Noch keine Vollstreckung des Urteils

Dieser Beurteilung ist die Richterin nun gefolgt, die der 40-monatigen Gefängnisstrafe zusätzlich noch zwei Jahre Bewährungsfrist folgen lässt. Zudem hat sie Roger Stone eine Geldstrafe von 20'000 Dollar und 250 Stunden Sozialdienst auferlegt. Vollstreckt wird das Urteil allerdings nicht sofort. Die Verteidigung hatte schon vor der Entscheidung der Richterin eine Wiederholung des Prozesses verlangt, was sie mit der Befangenheit einer Geschworenen begründete.

Weit wichtiger als das Urteil ist aber die Tatsache, dass das Verhalten des Justizministers Befürchtungen verstärkt hat, die Unabhängigkeit der Justiz sei in den USA nicht mehr gewährleistet. Während William Barr in den Wochen zuvor unablässig kritisierte, Richter würden zu milde Urteile fällen, um die überfüllten Gefängnisse zu leeren, forderte er ausgerechnet im Falle eines Freundes des Präsidenten für Nachsicht mit einem Angeklagten.

Unabhängigkeit der Justiz

In den USA ist das Justizministerium gleichzeitig die oberste Anklagebehörde im Lande. Deshalb muss sich deren Chef politischen Druckversuchen des Präsidenten konsequent widersetzen. Sonst stellt er die Unabhängigkeit der Justiz infrage. Barr hat Präsident Trump seit seinem Antritt vor einem Jahr jedoch kein einziges Mal in die Schranken gewiesen, als dieser öffentlich Ankläger wie auch Richterinnen und deren Urteile kritisierte, die nicht seinen Vorstellungen entsprachen.

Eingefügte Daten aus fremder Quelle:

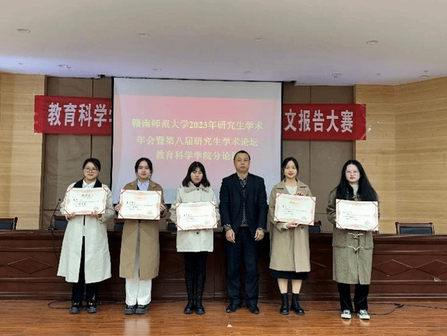 经过紧张的现场统分环节,主持人公布了比赛结果,到场领导和评委老师为参赛选手颁发奖状并合影留念。最后,邱院长用“真”、“新”、“高”、“好”四字对此次论坛作了高度概括,即研究问题真,研究内容和方法有创新、研究生参与度高、活动组织好、评委专家点评好,并对研究生们的踊跃参与和嘉宾老师的精彩点评表示感谢。邱院长指出,一年一度的学术报告会对营造良好学术交流氛围的积极作用,希望教科院广大研究生学子深入贯彻落实习近平总书记于大力弘扬教育家精神的重要指示,坚定“躬耘教坛、强国有我”的初心决心,不断提高学术素养和创新能力,成长为党和人民满意的“四有”好老师。

Erst als die vier mit dem Fall Roger Stone betrauten Staatsanwälte den Bettel hinschmissen, nachdem sie von ihrem Chef, dem Justizminister desavouiert wurden, und das Ausmass der Verunsicherung im Justizministerium sichtbar wurde, distanzierte sich Barr in einem Fernsehinterview von Trump. Auf viele Juristinnen und Juristen wirkte diese Distanzierung jedoch wenig glaubwürdig. Über 1100 ehemalige RichterInnen forderten in einem Brief den Justizminister zum Rücktritt auf. Für sie ist klar: In einem funktionierenden Rechtsstaat darf es keinen Zweifel geben an der Unabhängigkeit der Justiz.